Baca Juga: Tipu Gelap Proyek Lampung Selatan, PH: Ada Mediasi Pejabat dan Pelapor
Hal itu terungkap dalam sidang lanjutan perkara atas nama Terdakwa Akbar Bintang Putranto tersebut, yang digelar pada Senin 17 Juli 2023, di Pengadilan Negeri Tanjungkarang.
Dalam persidangan kali ini, Jaksa melakukan pembuktiannya dengan menghadirkan saksi korban atas nama Yusar Riyaman Saleh, untuk dimintai keterangannya di muka persidangan.
Kehadiran Yusar ini, terang saja menjadi momen penting bagi Terdakwa dan Tim Penasihat Hukumnya. Mereka pun mencecar berbagai pertanyaan kepadanya, terutama soal peristiwa-peristiwa hukum, tentang dugaan jual beli proyek dan jabatan.
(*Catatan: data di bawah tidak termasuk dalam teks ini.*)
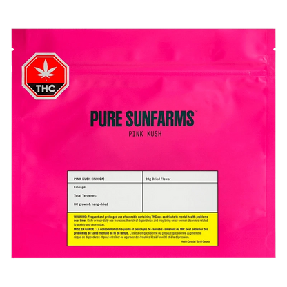 Pure Sunfarms' cut of Pink Kush from BC's Vancouver Island is a coastal relative of the legendary OG Kush. This special strain is beloved across Canada for its strong aromas, colourful flowers and high THC potential. Beneath a thick coating of trichomes, the dense and round buds feature forest green leaves, often with a purple hue, mixed with dark amber pistils. Grown in a high-tech greenhouse in the Fraser Valley, each bud is carefully trimmed and hand-groomed, dried and cured to precise standards. Pink Kush showcases gassy aromas of white pepper, orange, butterscotch, coffee, earth and grapefruit, the result of a rich combination of terpenes that includes caryophyllene, myrcene, humulene, bisabolol, and limonene.

Yang dianggap menjadi awal mula perkara ini dimulai, sehingga menyeret Akbar Bintang Putranto menjadi Terdakwa dan diadili dengan sangkan perbuatan tipu gelap, yang disebut merugikan korban mencapai Rp2,6 miliar.
“Saudara sebagai seorang PNS memahami bagaimana mekanisme mendapatkan jabatan,” tanya Ketua Tim Penasihat Hukum Bintang, Rusman Efendi.
“Saya mengetahui. Mereka saat itu hanya meminta biodata saya,” jawab Yusar.
Usai melontarkan pertanyaan itu, Rusman Efendi pun berlanjut mempertanyakan apakah Yusar mengetahui adanya perintah dari Nanang Ermanto kepada Bintang, terkait janji pemberian jabatan terhadapnya.